**RECORDS FOR THIS TASK:**

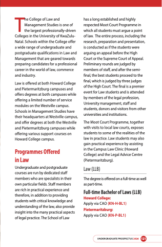 the largest professionally-driven Colleges in the University of KwaZulu- Natal. Schools within the College offer a wide range of undergraduate and postgraduate qualifications in Law and Management that are geared towards preparing candidates for a professional career in the world of law, commerce and industry.
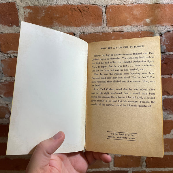 Soon, Paul Corban found that he was indeed alive and in his right mind-and that it would have been better for him and the universe if he had died, if he had gone insane, if he had lost his memory, Because the results of his survival could be infinitely disastrous!
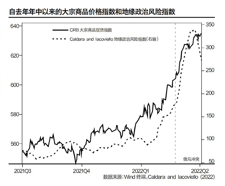 二月俄乌冲突以来,地缘政治风险陡然上升,大宗商品价格剧烈波动,世界范围内爆发能源和粮食危机的风险急剧增加,世界经济稳定复苏再次面临巨大压力。美联储经济学家Dario Caldara和Matteo lacoviello构建的地缘政治风险指数显示,本次冲突已成为2003年伊拉克战争以来最严重的一次地缘政治事件。
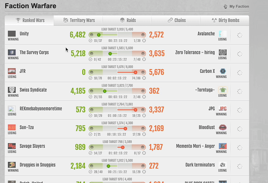The Faction Warfare page is your one-stop shop for all the latest and historical information regarding organised violence in Torn City. This hub, which can be accessed by clicking the top right link on the Faction or My Faction page, contains individual sections pertaining to Ranked Wars, Territory Wars, Raids, and Chains that have happened or are currently happening in Torn.
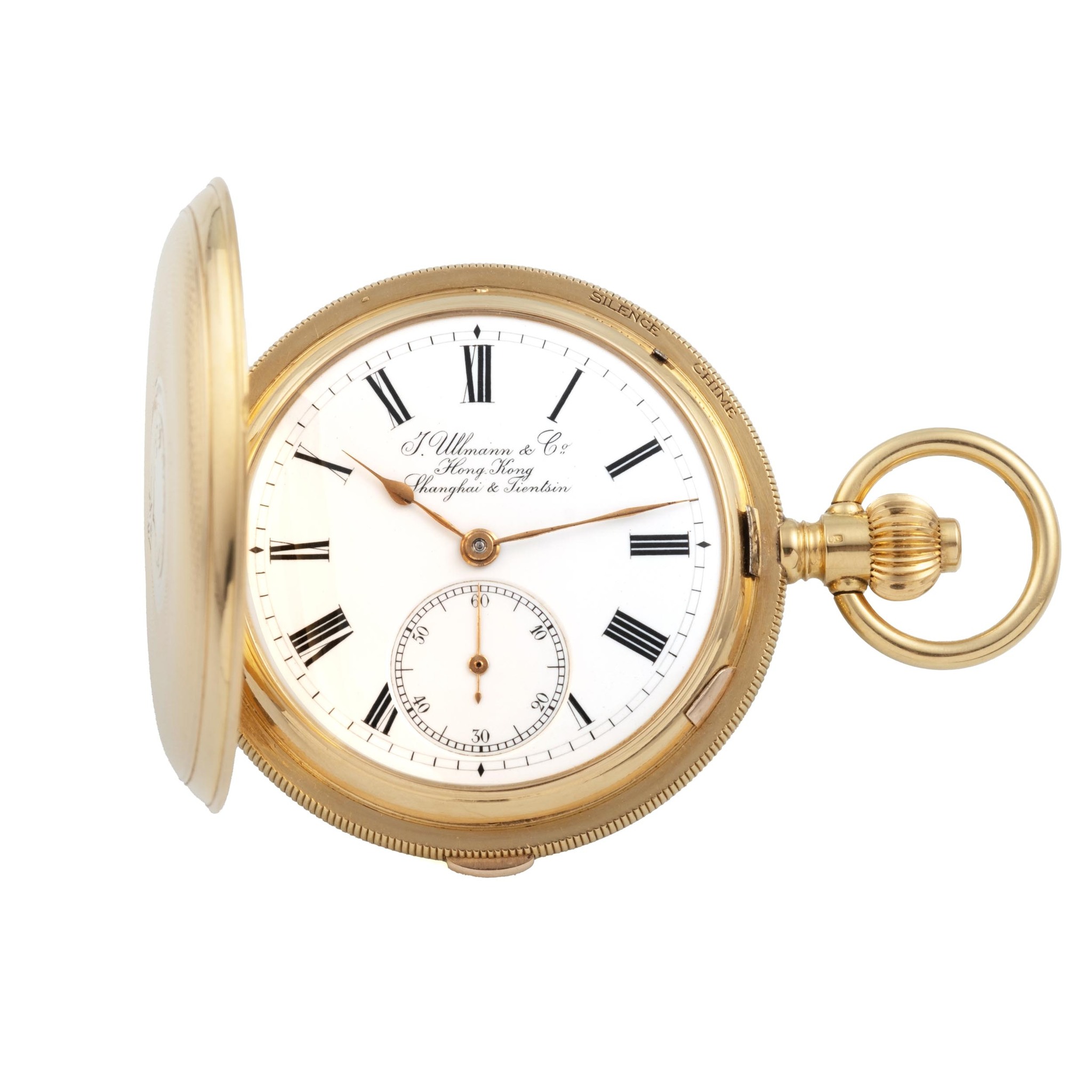 J. ULLMANN & CO, SWITZERLAND, POCKET CLOCK-WATCH, GRANDE SONNERIE, CARILLON TRIP MINUTE-REPEATER, THREE GONGS, THREE HAMMERS, 18K YELLOW GOLD

**WORK INSTRUCTIONS:**
Could you repeat each line above exactly as written? Omit the pictures.

**OUTPUT OF THE EXERCISE:**
 the largest professionally-driven Colleges in the University of KwaZulu- Natal. Schools within the College offer a wide range of undergraduate and postgraduate qualifications in Law and Management that are geared towards preparing candidates for a professional career in the world of law, commerce and industry.
 Soon, Paul Corban found that he was indeed alive and in his right mind-and that it would have been better for him and the universe if he had died, if he had gone insane, if he had lost his memory, Because the results of his survival could be infinitely disastrous!
 二月俄乌冲突以来,地缘政治风险陡然上升,大宗商品价格剧烈波动,世界范围内爆发能源和粮食危机的风险急剧增加,世界经济稳定复苏再次面临巨大压力。美联储经济学家Dario Caldara和Matteo lacoviello构建的地缘政治风险指数显示,本次冲突已成为2003年伊拉克战争以来最严重的一次地缘政治事件。
The Faction Warfare page is your one-stop shop for all the latest and historical information regarding organised violence in Torn City. This hub, which can be accessed by clicking the top right link on the Faction or My Faction page, contains individual sections pertaining to Ranked Wars, Territory Wars, Raids, and Chains that have happened or are currently happening in Torn.
 J. ULLMANN & CO, SWITZERLAND, POCKET CLOCK-WATCH, GRANDE SONNERIE, CARILLON TRIP MINUTE-REPEATER, THREE GONGS, THREE HAMMERS, 18K YELLOW GOLD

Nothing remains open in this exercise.